All matches were played on a Northern England dartboard that does not have any treble scoring segments. The 1972 darts tournament was limited to players within the Yorkshire TV region. The winner received £100 and the runner up £50. There was no women's darts tournament in 1972. Only the final, two semi-finals and two of the quarter-finals were transmitted during the 1972 series of six episodes.

==1973 Indoor League Men's Darts Results==

Alan Evans, in his semi-final match against Tony Ridler became the first ever male player to score a 180 on Television. In the same game, Ridler also scored a 180 in the second leg.

The current News of the World Darts Championship winner Ivor Hodgkinson entered the tournament but was beaten in the first round by Frank Crolla.

The tournament featured several internationally capped darts players. Winner O'Regan played for both England and Ireland before becoming captain of Ireland. Willie Etherington, Ron Church and Des Stabb represented England, Bob Whyte represented Scotland,Alan Evans and Tony Ridler played for Wales and George Foster & John Kelly represented Australia.

==1974 Indoor League Men's Darts Championship Results==

Doug Priestner, hit a 180 with his first three darts in the competition. He played with John Craine represented of Isle of Man and Steve Rollings represented of South Africa.

==1975 Indoor League Men's Darts Championship Results==

For the second year running Doug Priestner, hit a 180 with his first three darts in the competition. Cliff Inglis, hit back-to-back 180s in one of his matches.

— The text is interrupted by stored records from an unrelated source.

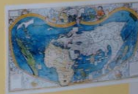
MAPA MUNDO - 1507 Primeiro mapa publicado em Portugal, mostrando a América descoberta por Cristóvão Colombo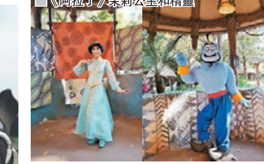
《阿拉丁》茉莉公主和精靈

本版「閒遊香港」欄目，藉以尋覓香港有特色及鮮為人知的秘景，歡迎來稿跟讀者分享，需圖文兼備，字數以800至1,000字為宜，圖片5張以上，請勿一稿多投。如獲刊登，將致薄酬。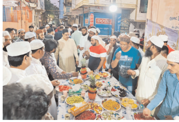
పరిధిలోని జామా మసీద్ ముఖ్య అతిథు లుగా హాజరయ్యారు. నియోజకవర్గం కాంగ్రెస్ పార్టీ ఇన్చార్జి రంజాన్ సందర్భంగా ఉపవాసం ఉన్న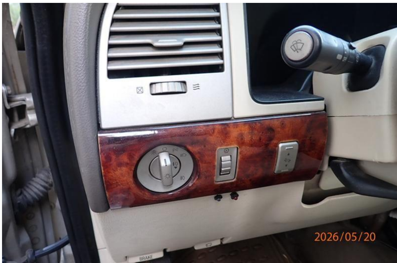
Fot. nr 170

==1976 Indoor League Men's Darts World Championship Results==

In the 1976 Indoor League men's darts World Championship players were redrawn after each round. And the draw above reflects this.

==1977 Indoor League Men's Darts World Championship Results==

Reigning champion Leighton Rees was unavailable at the time of filming the competition due to him touring Australasia doing dart exhibitions.
In the 1977 Indoor League men's darts World Championship players were redrawn after each round. And the draw above reflects this.

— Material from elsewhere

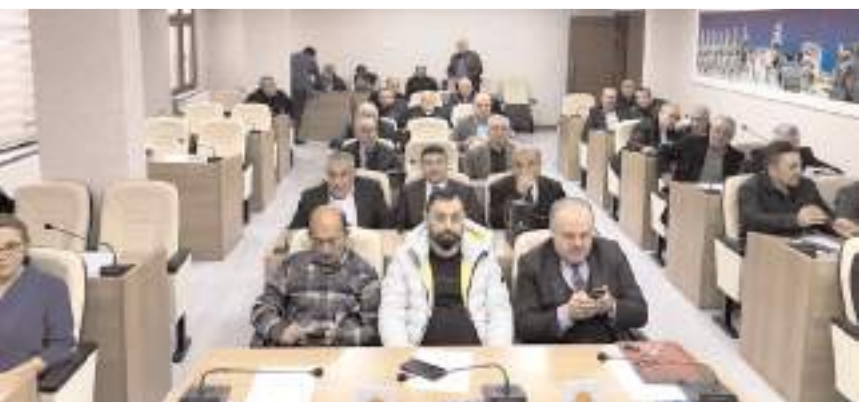
Toplantıda İskilip'e kurulacak olan OSB'ye İl Özel İdaresi'nin ortak olması konusu görüşüldü.

==1977 Indoor League Mixed Pairs Darts World Championship Results==

During the second semi-final, Peter Chapman become the first player to hit a televised 180 in a mixed pairs game, and Sandra Gibb scored the first ever televised 180 scored by a female player.

The semi-finals and final in this mixed pairs competition were the best of five legs of 701.